Limitations of Prior Work: (1) Passive visual perception — VLM-driven methods uniformly process panoramic or multi-view visual inputs, causing redundant information to inflate visual token counts and diffuse attention across irrelevant features, obscuring instruction-relevant fine-grained cues; (2) Unfocused reasoning — both paradigms receive large amounts of unprioritized historical context containing past observations and waypoints, whereby long trajectory histories dilute attention and impede precise reasoning.

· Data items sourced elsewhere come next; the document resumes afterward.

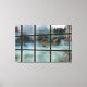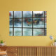 Un frío paisaje otoñal visto a través de una ventana de escarcha temprano una mañana. Pinos y pinos con hielo blanqueando sus agujas, armazones en tonos rojos, naranjas y amarillos, de hierba blanquecina helada vista a través de la niebla, saliendo de un arroyo oculto. Las hojas de rosa rojas y verdes que ondean la ventana a cada lado.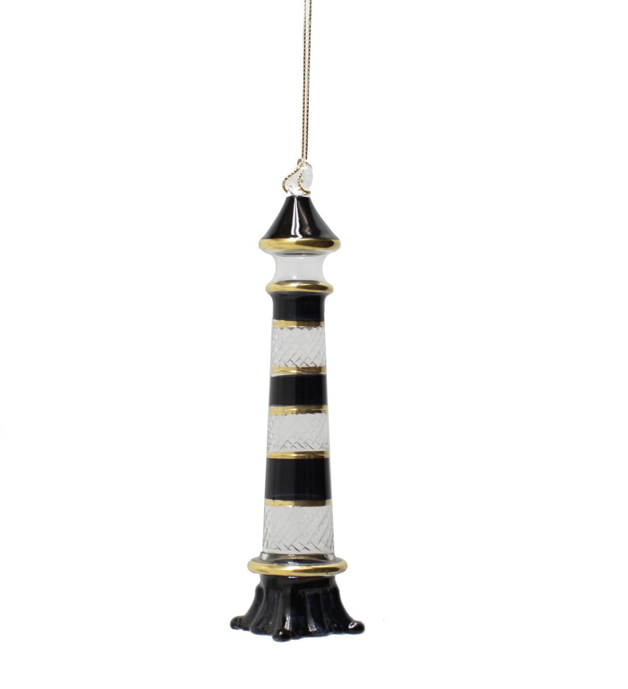 Lighthouse With Gold Rings and Etched Glass Ornament - Black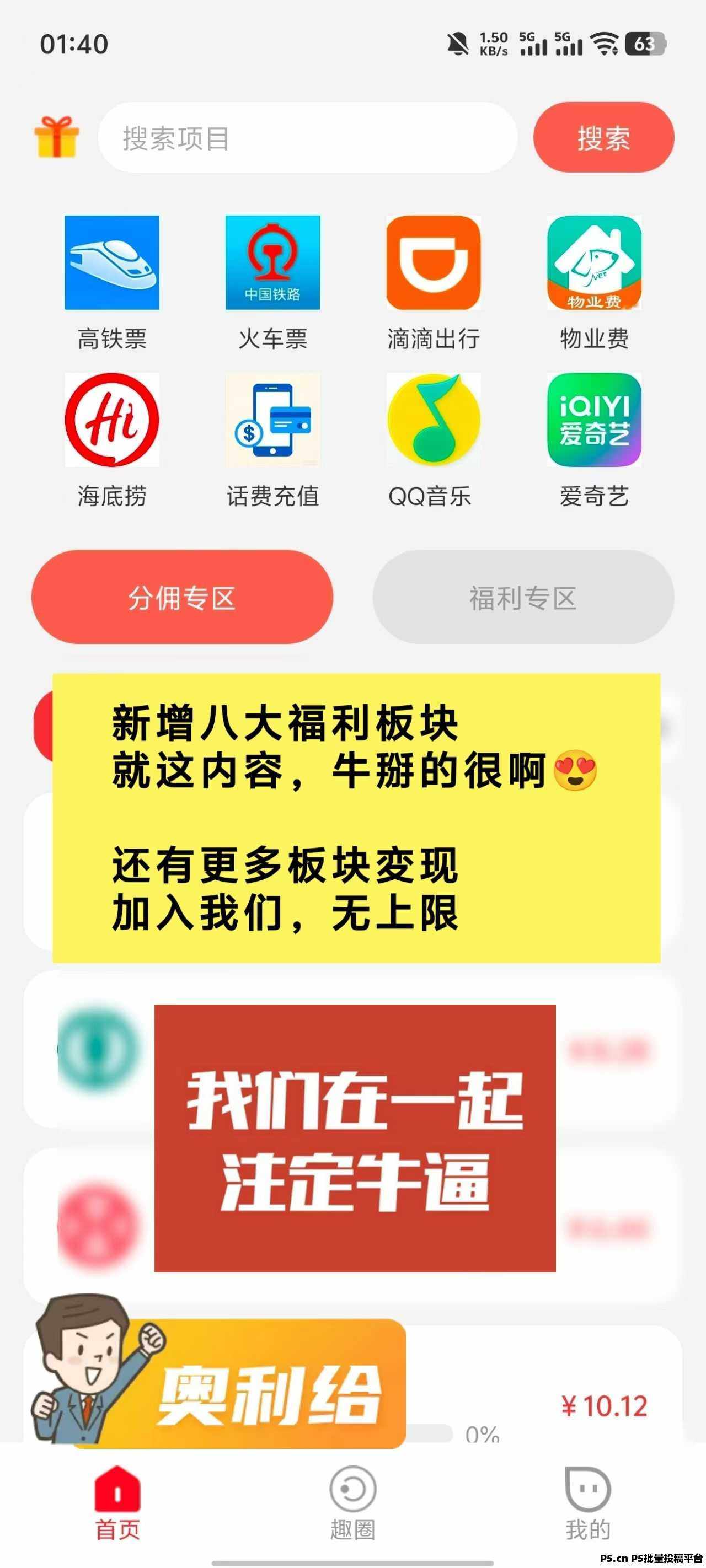4月份全新上线福利版块,注册就能享受话费充值、高铁票、QQ会员、影视会员等,超高折扣,有团队管道收益。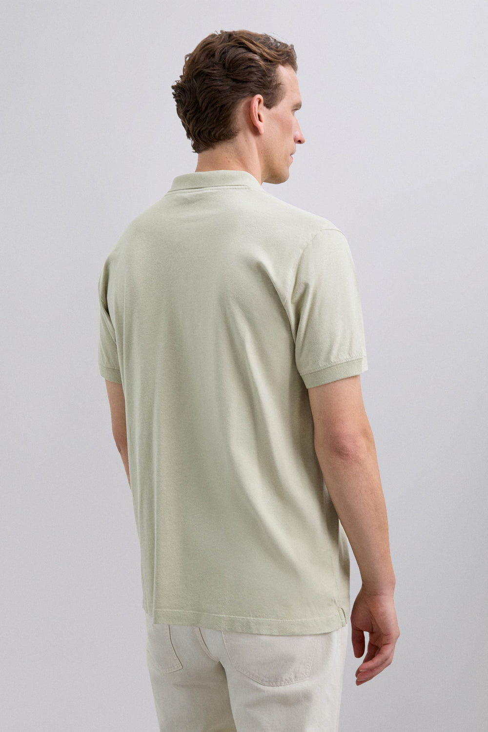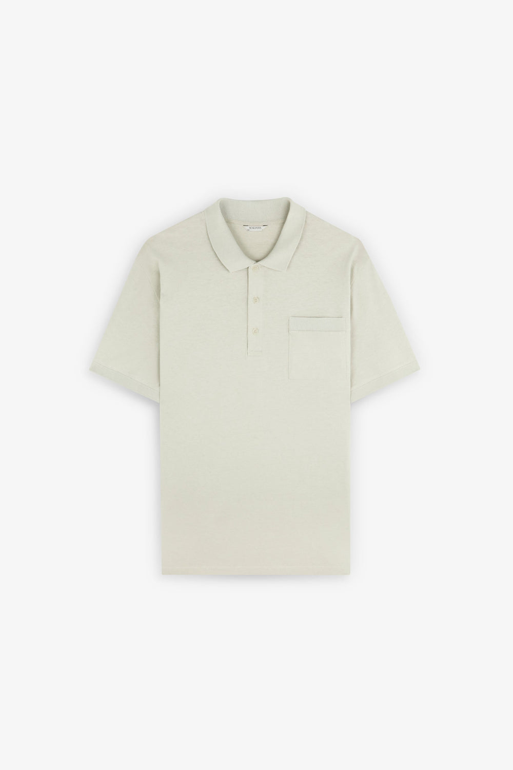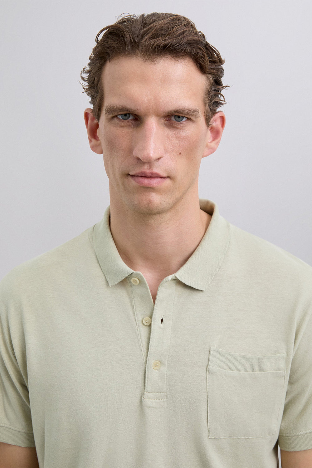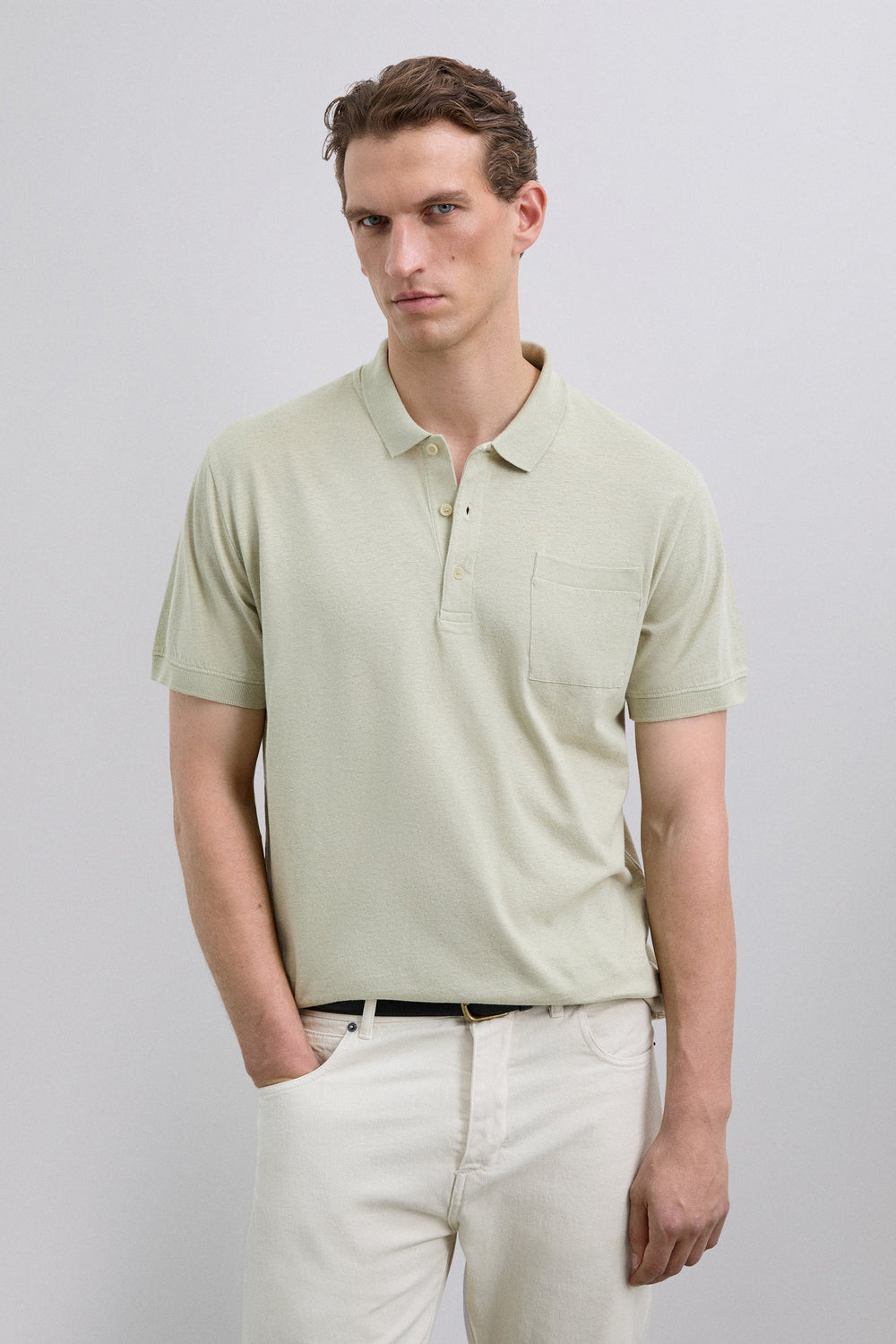 Polo confeccionado en mezcla de algodón y lino. Manga corta. Regular fit. Cuello con cierre de 3 botones. Detalle con bolsillo de parche de punto en el pecho.

Key Challenge: Navigation requires selective perception (acquiring only task-relevant information) and focused reasoning (attending only to high-value historical waypoints), whereas existing methods process everything in bulk on both fronts.

Goal: To proactively acquire task-relevant visual observations to reduce perceptual redundancy, and to focus reasoning on high-value waypoints within extensive navigation histories.

Key Insight: Establish a closed-loop perception–reasoning cycle through LLM–VLM collaboration, and employ an MCTS variant to filter key waypoints from the global history.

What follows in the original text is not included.